> [WHAT TO WORK ON]:
Reproduce, exactly and in full, the records that follow, minus any pictures.

Extracted records
┌──

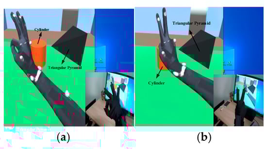 Virtual reality technology, which is one of the most powerful human–computer interfaces, has seen rapid development in recent years. Its applications have been extensively employed in various fields, such as simulation training [], medical rehabilitation [], and manufacturing []. Hand-based virtual–physical interactions have long been a research focus, as humans heavily rely on their hands to interact with the external world []. Thus, using both hands for natural and flexible manipulation of virtual objects has become a primary choice for users. This mode of interaction is more intuitive and convenient than traditional methods, such as those involving a mouse, keyboard, or touch screen [], and it aligns better with human behavioral habits and cognitive logic.
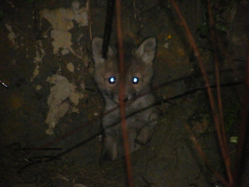 Odpoledne jdu kolem nory a uvidím pohyb. Dívá se na mně rezavá liška. Pak elegantně přeskočila kopeček a už jsem viděl jen oháňku mizící ve vsuku. Fotit jsem ale nestihl. Na večer přišla bouřka. Hned po ní jsem se vydal do lesa k noře. Červánky vydávaly velkou záři, takže bylo stále hodně světla. V 20:10 jsem zasedl k noře. O pět minut později jsem viděl, jak z nory čouhá ucho. Bylo to lišče. Opatrně vylezlo a jistí. Pak zase zalezlo. Pak vylezlo druhé, a začali si hrát. Já jsem fotil a fotil. Povedlo se jen pár fotek, protože jsem musel fotit s bleskem, který liščatům vůbec nevadil. Když jsem za úplné tmy odcházel, ještě jsem se zastavil u nory. I když pode mnou něco křuplo, liščata se zvědavě podívala ven a já od nich byl vzdálen asi 5 kroků. Naposledy jsem se na ně podíval a šel jsem domů.
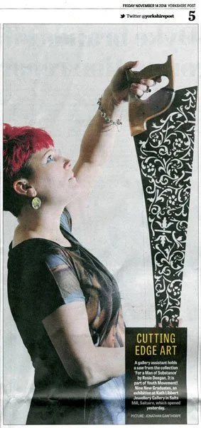 A gallery assistant holds a saw from the collection 'For a Man of Substance' by Rosie Deegan. It is part of Youth Movement! Nine New Graduates, an exhibition at Kath Libbert Jewellery Gallery in Salts Mill, Saltaire, which opened yesterday.
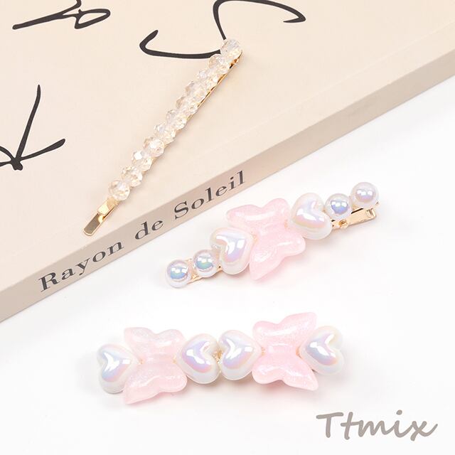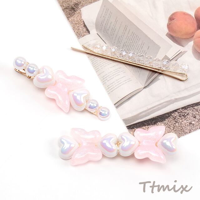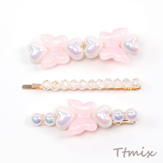 TH1420 ヘアクリップ3点セット へアピン 蝶モチーフヘアクリップ 前髪クリップ 髪留め ピンクカラー | Beads&parts BASE2号店
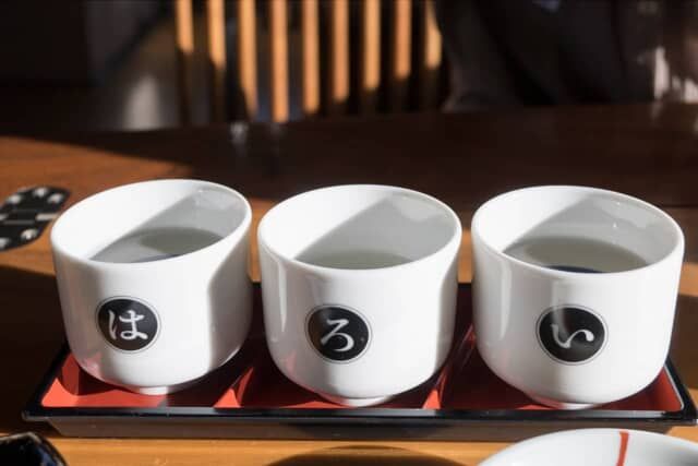▲本日の地酒は「い、ろ、は」と書かれたおちょこで飲みくらべ
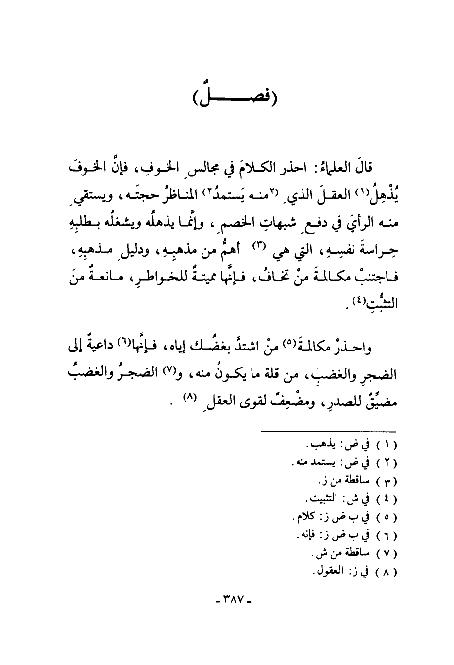 قَالَ الْعُلَمَاءُ: احْذَرْ الْكَلامَ فِي مَجَالِسِ الْخَوْفِ، فَإِنَّ الْخَوْفَ يُذْهِلُ1 الْعَقْلَ الَّذِي مِنْهُ يَسْتَمِدُّ2 الْمُنَاظِرُ حُجَّتَهُ، وَيَسْتَقِي مِنْهُ الرَّأْيَ فِي دَفْعِ شُبُهَاتِ الْخَصْمِ، وَإِنَّمَا يُذْهِلُهُ وَيَشْغَلُهُ بِطَلَبِهِ حِرَاسَةَ نَفْسِهِ، الَّتِي هِيَ3 أَهَمُّ مِنْ مَذْهَبِهِ وَدَلِيلِ مَذْهَبِهِ، فَاجْتَنِبْ مُكَالَمَةَ مَنْ تَخَافُ، فَإِنَّهَا مُمِيتَةٌ لِلْخَوَاطِرِ، مَانِعَةٌ مِنْ التَّثَبُّتِ4.

└──

> [RESPONSE TO THE EXERCISE]:
 Virtual reality technology, which is one of the most powerful human–computer interfaces, has seen rapid development in recent years. Its applications have been extensively employed in various fields, such as simulation training [], medical rehabilitation [], and manufacturing []. Hand-based virtual–physical interactions have long been a research focus, as humans heavily rely on their hands to interact with the external world []. Thus, using both hands for natural and flexible manipulation of virtual objects has become a primary choice for users. This mode of interaction is more intuitive and convenient than traditional methods, such as those involving a mouse, keyboard, or touch screen [], and it aligns better with human behavioral habits and cognitive logic.
 Odpoledne jdu kolem nory a uvidím pohyb. Dívá se na mně rezavá liška. Pak elegantně přeskočila kopeček a už jsem viděl jen oháňku mizící ve vsuku. Fotit jsem ale nestihl. Na večer přišla bouřka. Hned po ní jsem se vydal do lesa k noře. Červánky vydávaly velkou záři, takže bylo stále hodně světla. V 20:10 jsem zasedl k noře. O pět minut později jsem viděl, jak z nory čouhá ucho. Bylo to lišče. Opatrně vylezlo a jistí. Pak zase zalezlo. Pak vylezlo druhé, a začali si hrát. Já jsem fotil a fotil. Povedlo se jen pár fotek, protože jsem musel fotit s bleskem, který liščatům vůbec nevadil. Když jsem za úplné tmy odcházel, ještě jsem se zastavil u nory. I když pode mnou něco křuplo, liščata se zvědavě podívala ven a já od nich byl vzdálen asi 5 kroků. Naposledy jsem se na ně podíval a šel jsem domů.
 A gallery assistant holds a saw from the collection 'For a Man of Substance' by Rosie Deegan. It is part of Youth Movement! Nine New Graduates, an exhibition at Kath Libbert Jewellery Gallery in Salts Mill, Saltaire, which opened yesterday.
 TH1420 ヘアクリップ3点セット へアピン 蝶モチーフヘアクリップ 前髪クリップ 髪留め ピンクカラー | Beads&parts BASE2号店
▲本日の地酒は「い、ろ、は」と書かれたおちょこで飲みくらべ
 قَالَ الْعُلَمَاءُ: احْذَرْ الْكَلامَ فِي مَجَالِسِ الْخَوْفِ، فَإِنَّ الْخَوْفَ يُذْهِلُ1 الْعَقْلَ الَّذِي مِنْهُ يَسْتَمِدُّ2 الْمُنَاظِرُ حُجَّتَهُ، وَيَسْتَقِي مِنْهُ الرَّأْيَ فِي دَفْعِ شُبُهَاتِ الْخَصْمِ، وَإِنَّمَا يُذْهِلُهُ وَيَشْغَلُهُ بِطَلَبِهِ حِرَاسَةَ نَفْسِهِ، الَّتِي هِيَ3 أَهَمُّ مِنْ مَذْهَبِهِ وَدَلِيلِ مَذْهَبِهِ، فَاجْتَنِبْ مُكَالَمَةَ مَنْ تَخَافُ، فَإِنَّهَا مُمِيتَةٌ لِلْخَوَاطِرِ، مَانِعَةٌ مِنْ التَّثَبُّتِ4.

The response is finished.